An early draft of this legislation was made available for public comment on 15 October 2010, accompanied by an explanatory note. The final legislation, which was enacted on 20 December 2010, is different from the earlier draft, reflecting feedback received during consultation. Some of these changes are fairly substantial while others are more technical in nature. The earlier draft legislation and explanatory note have therefore been superseded by the enacted rules and should not be relied upon.

Key features

Look-through company rules

The new LTC rules are available for income years starting on or after 1 April 2011. The rules apply only to companies which are resident in New Zealand.

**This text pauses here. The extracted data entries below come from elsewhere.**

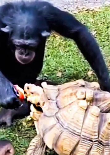 (فیلم) همسفره شدن شامپانزه مهربان و لاک پشت!
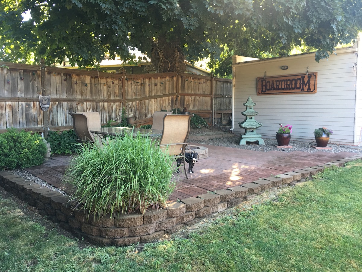 This is a great two bedroom, one bath single level home. Recently remodeled with all new furniture and beds. Full kitchen, Dining and living room with plenty of seating. large TV and WiFi available. Cozy front porch and a private/quite and relaxing fenced backyard with outdoor seating covered patio w/fan,fire pit and BBQ. Located just a few blocks from downtown and Whitman college campus. A short walk to Walla Walla's new swimming pool and Borleske Stadium Home of the Sweets baseball team.
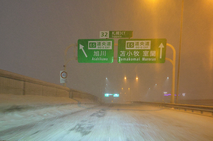 ございます。道央道 札幌南ICでの撮影。雪景色の高速の様子を幾つか
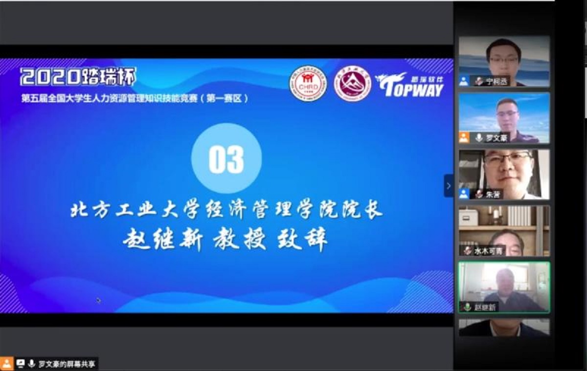 中国人力资源开发研究会副会长、全国大员工知识技能竞赛理事会会长杨河清教授、WilliamHill中文官方网站经理赵继新教授、上海踏瑞计算机软件有限公司创始人朱营总经理出席开幕式并先后致辞。杨会长介绍了赛事的举办背景和培养人力资源管理专业员工实践能力的初心,并对公司作为承办单位的大力支持表示诚挚感谢;赵经理介绍了WilliamHill中文官方网站与工商管理专业的建设现状,指出本次赛事与公司的人才培养理念高度契合。来自第一赛区各省份的43所高校的260余名参赛师生参加了开幕式,WilliamHill中文官方网站罗文豪博士主持开幕式。
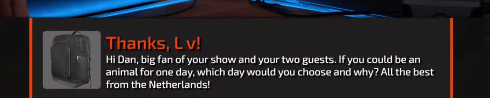 Hi Dan, big fan of your show and your two guests. If you could be an
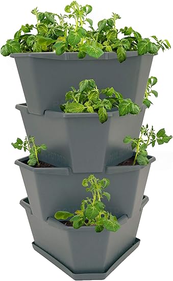 gusta garden paul potato starter tour de pommes de terre empilable plate forme surelevee planteuse pots de fleurs pour le balcon le jardin et la terrasse 4 etages anthracite gris amazon fr jardin
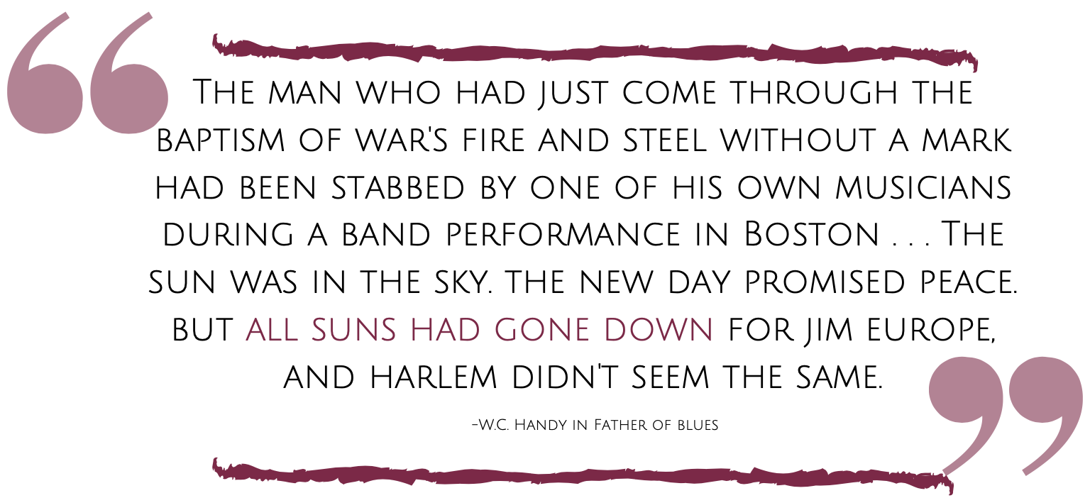 On May 9, 1919 James Reese Europe was stabbed by a volatile drummer, Herbert Wright, at Boston’s Mechanics Hall. Although first believed to be a superficial wound, the stab was fatal and stole the trailblazer’s life.
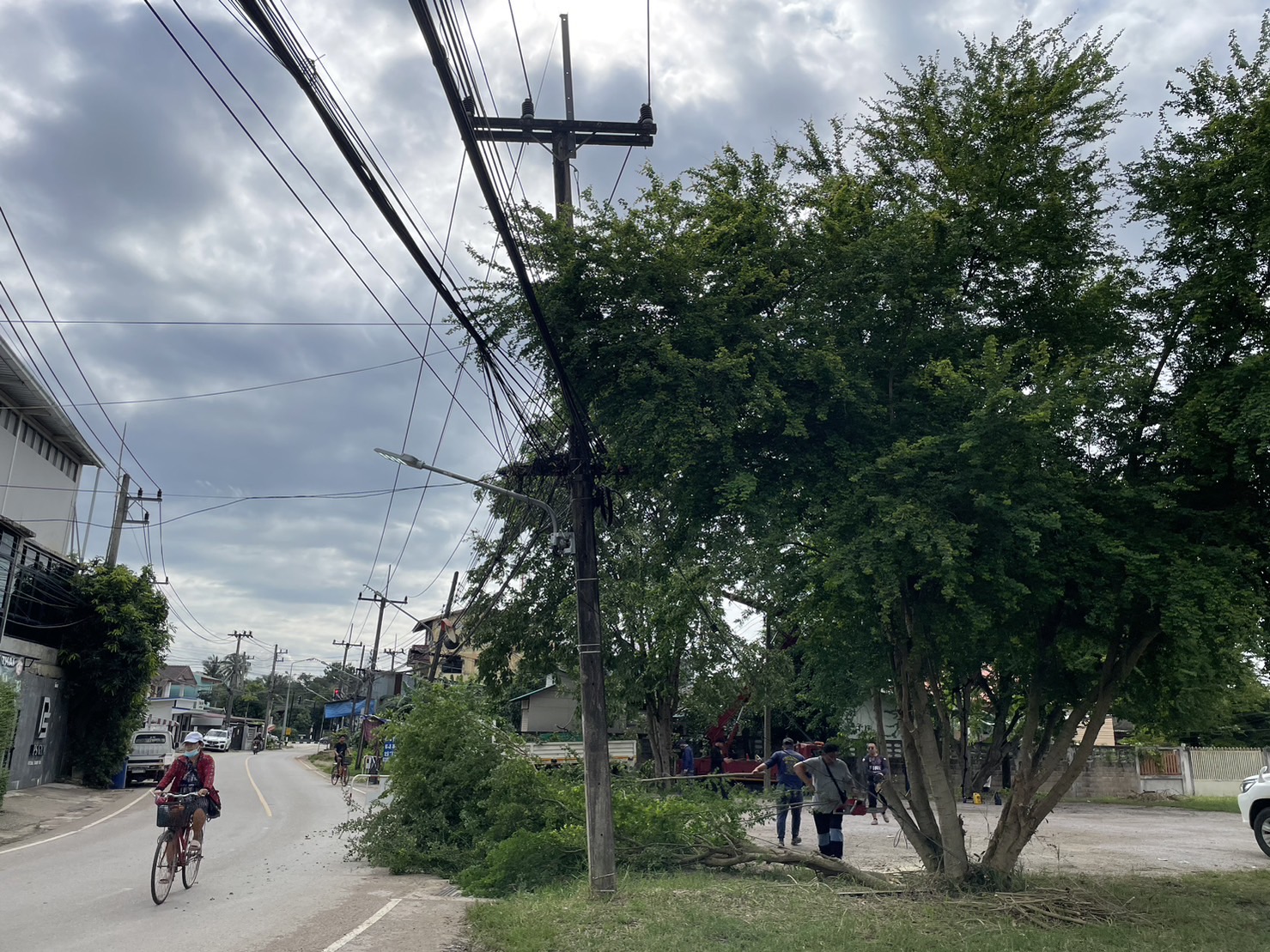วันที่ 29 สิงหาคม 2566 เวลา 09.00 - 12.30 น.ฝ่ายป้องกันฯ นครแม่สอด ได้รับคำร้องขอความอนุเคราะห์ตัดต้นไม้ หน้า ps gym ชุมชนร่วมแรง ตำบลแม่สอด อำเภอแม่สอด จังหวัดตาก เนื่องจากกิ่งไม้พาดผ่านสายไฟฟ้า และล้ำถนน จึงนำรถยนต์บรรทุก 6 ล้อ และอุปกรณ์ พร้อมประสานรถกระเช้าไฟฟ้าเข้าร่วมดำเนินการจุดดังกล่าว โดยทำการใช้มีด เลื่อยโซ่ยนต์ ทำการตัดจนแล้วเสร็จ พร้อมยกใส่รถยนต์บรรทุกดำเนินการต่อไป เพื่อความเป็นระเบียบเรียบร้อย ความปลอดภัยแก่บ้านเรือนประชาชนที่อาศัยอยู่บริเวณดังกล่าว

The main features of the new rules are:

  • An LTC must have five or fewer owners (the ownership interests of relatives are combined).
  • All owners must elect for the LTC rules to apply initially. LTC elections are to be made prospectively.
  • Once a company becomes an LTC it will remain so unless one of the owners decides to revoke the LTC election, or the company ceases to be eligible.
  • Only a natural person, trustee or another LTC may hold shares in an LTC. All the company’s shares must be of the same class and provide the same rights and obligations to each shareholder.
  • An LTC’s income, expenses, tax credits, rebates, gains and losses are passed on to its owners. These items will generally be allocated to owners in proportion to the number of shares they have in the LTC. Owners are also able to deduct expenditure incurred by the LTC before they became a member, subject to the other deductibility tests in the Act.
  • Any profit is taxed at the owner’s marginal tax rate. The owner can use any losses against their other income, subject to the loss limitation rule.
  • The loss limitation rule ensures that the losses claimed reflect the level of an owners’ economic loss in the LTC. An anti-avoidance rule also prevents an artificially high basis around the year-end being used to increase any loss flow-through. Owners’ excess losses are carried forward to future income years, subject to the application of the loss limitation rule in those years. There are certain rules about the use of these losses if the LTC ceases to be an LTC, or if the owner sells their shares.
  • When owners sell their shares they are treated as disposing of their share of the underlying LTC property. Owners may have to pay any tax associated with the deemed disposal of this property. Exiting owners are generally required to account for tax on disposing of their shares in the LTC only if the amount of the disposal proceeds derived from their LTC interest exceeds the total net tax book value of their share of LTC property by more than $50,000.
  • Even if this $50,000 threshold is exceeded, exiting owners will not have to account for tax on things such as trading stock in certain circumstances. When exiting owners account for tax on their share, incoming owners must take on a cost basis in the LTCs assets and liabilities that is equal to the deemed disposal under the disposal provisions.
  • The disposal thresholds do not apply if the company is liquidated, or ceases to use the LTC rules but otherwise continues in business. In these situations, the owner is deemed to have disposed of their shares at market value on the date of exit.
  • Look-through treatment applies for income tax purposes only. An LTC retains its corporate obligations and benefits, such as limited liability, under general company law.
  • An LTC is still recognised separately from its shareholders for certain other tax purposes, including GST, PAYE and certain administrative or other withholding tax purposes under the Income Tax Act.

Application dates

The application date for both the LTC rules and the qualifying company reforms is the income year starting on or after 1 April 2011.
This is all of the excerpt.